The latest in cancer prevention, diagnosis & treatment.
On Feb. 22, Kadcyla (ado-trastuzumab emtansine or T-DM1) was approved by the Food and Drug Administration (FDA) to treat patients with metastatic, HER2-positive breast cancer. An antibody-drug conjugate, Kadcyla fuses the chemotherapy drug emtansine to the antibody Herceptin (trastuzumab) to target HER2 receptors on cancer cells. The approval was based on results from the phase 3 EMILIA trial, which enrolled 991 patients who had previously been treated with Herceptin and a taxane-based chemotherapy. Patients were randomly assigned to either receive Kadcyla or the current standard—a combination of Xeloda (capecitabine) and Tykerb (lapatinib). Those in the Kadcyla arm had a median overall survival of 30.9 months compared with 25.1 months for those in the combination arm.

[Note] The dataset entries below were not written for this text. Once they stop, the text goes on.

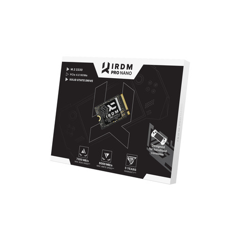 Must-have для мобільних геймерів Твердотільний накопичувач IRDM PRO NANO SSD - це відповідь на ринок портативних консолей, що динамічно зростає. Геймери все частіше і охоче звертаються до таких пристроїв - завдяки їм вони можуть підкорювати рівні улюблених ігор будь-де і будь-коли. Екстремальна продуктивність IRDM PRO NANO використовує інтерфейс PCIe NVMe Gen. 4 х4. Це один із найефективніших інтерфейсів, доступних на ринку, що гарантує швидкість передачі даних вище за середній. Неперевершена та вражаюча послідовна швидкість до 7300 МБ/с на читання та 6000 МБ/с на запис максимально скорочує час копіювання файлів та дозволяє швидше встановлювати ігри. З IRDM PRO NANO ігри будуть завантажуватись ще швидше, а робота додатків буде дуже плавною та швидкою. Безпека даних на найвищому рівні IRDM PRO NANO складається з найкращих брендових компонентів. Використовуваний контролер забезпечує надійну роботу накопичувача. Важливу роль також грають інші технології та рішення, такі як ECC або теплове дроселювання. Також важливим є високий рівень TBW, що досягає 1 200 ТБ. Це забезпечує довговічність носія, а також гарантує знижену вразливість накопичувача до збоїв під час читання та запису. Універсальне застосування В епоху прагнення до менших і компактних пристроїв, IRDM PRO NANO, крім портативних консолей, також виявиться успішним в ноутбуках і ультрабуках, які через свої невеликі розміри здатні вмістити всього 2230 накопичувачів. У ноутбуках IRDM PRO NANO може бути звичайним методом суттєвого розширення пам'яті. Новий накопичувач IRDM також знайде застосування у спеціальному відсіку SSD, що дозволяє використовувати його як зовнішній диск. Така практична та універсальна програма робить носій безцінним інструментом для тих, хто цінує мобільність без необхідності жертвувати високою продуктивністю зберігання даних. Простір для всіх твоїх ігор! Місткість, в якій доступний IRDM PRO NANO, задовольнять потреби досвідчених геймерів, професіоналів, фотографів та всіх користувачів, яким потрібен накопичувач з великою ємністю, відмінними технічними характеристиками та мініатюрним розміром.
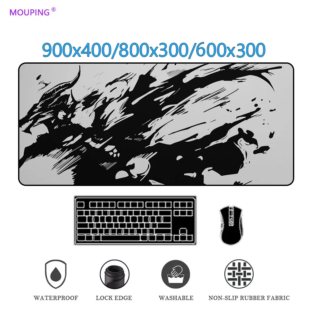 Черный и белый коврик для мыши для настольного компьютера, игровые коврики для клавиатуры, мыши, Аниме Коврик для мыши, большая клавиатура, игровой компьютер, планшет Carpe 900 400
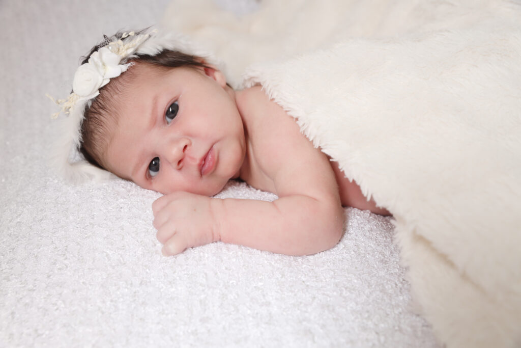 Dès son arrivée, Genna s’est laissée apaiser par la chaleur douce du studio, spécialement pensé pour les séances newborn. Les tons naturels, les matières douces et les accessoires adaptés permettent de créer un univers rassurant où les nouveau-nés peuvent s’endormir paisiblement.
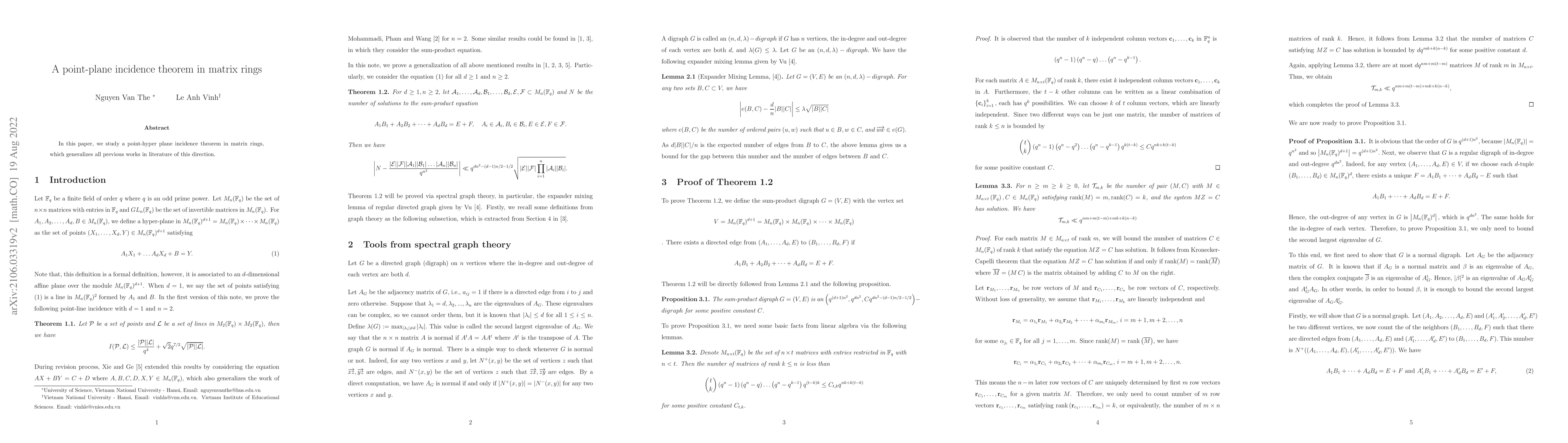 Summary: This paper explores a generalized point-hyperplane incidence theorem within matrix rings, extending existing research and providing new insights into incidence relations in this mathematical context.

Side effects included low platelet count, vomiting, diarrhea and hand-foot syndrome. For details, visit kadcyla.com or call 877-436-3683.
The FDA approved Pomalyst (pomalidomide) on Feb. 8 to treat patients with multiple myeloma whose disease has progressed during or within 60 days after treatment with at least two therapies, such as Revlimid (lenalidomide) or Velcade (bortezomib).
The approval was based on a phase 2 clinical trial, in which patients received either Pomalyst and low-dose dexemethasone, a type of steroid, or Pomalyst alone. In those on Pomalyst alone, 7.4 percent had their cancer completely or partially disappear, compared with 29.2 percent for those receiving the combination. This response lasted for more than seven months in the combination arm.
Side effects included low white and red blood cell counts, fever and infections. For details, visit pomalyst.com or call 800-931-8691.
On Dec. 14, the FDA approved Iclusig (ponatinib) to treat adults with tyrosine kinase inhibitor (TKI)-resistant or intolerant Philadelphia chromosome-positive acute lymphoblastic leukemia (Ph+ ALL) and chronic myeloid leukemia in the chronic, accelerated and blast phases. Both diseases contain the mutant BCR-ABL gene, which produces the bcr-abl tyrosine kinase, a protein that signals malignant white blood cells to grow. TKIs typically deactivate these proteins, but for some patients with the mutant gene T315I, TKIs are prevented from reaching these proteins. Iclusig targets cells with the T315I mutation and thwarts other mutations that make these cells resistant to treatment with traditional TKIs.
Side effects included high blood pressure, abdominal and joint pain, rash and fatigue. Iclusig also carries a boxed warning that it can cause blood clots and liver toxicity.
For details, visit iclusig.com or call 855-552-7423.
On Nov. 29, Cometriq (cabozantinib) received FDA approval for treating patients with metastatic medullary thyroid cancer. Although an estimated 56,000 Americans received a thyroid cancer diagnosis in 2012, only about 2,240 of these cases were medullary.
The approval was based on a 330-patient trial in which those who received Cometriq lived an average of 7.2 months longer without their cancer growing than patients who received placebo. Also, 27 percent of patients on the drug saw their tumors shrink, whereas for those on the placebo, there were no tumor size reductions.
Side effects included diarrhea, mouth sores, nausea and fatigue. A boxed warning also advises that severe bleeding and holes in the colon occurred in some patients taking this drug.
For details, visit cometriq.com or call 855- 253-3273.
In 2011, the FDA approved Zytiga (abiraterone acetate) to treat men with metastatic, hormone-resistant prostate cancer after their cancer had progressed while on docetaxel. But on Dec. 10, the FDA expanded Zytiga’s indication to treat this patient population before they’ve received chemotherapy.
The approval was based on a study of 1,088 men with metastatic, hormone-resistant prostate cancer who had not previously had chemotherapy. Men taking Zytiga had a median overall survival of 35.3 months compared with 30.1 months for those taking a placebo.
Side effects included fatigue, joint swelling, diarrhea and vomiting.
For details, visit zytiga.com or call 855-998-4421.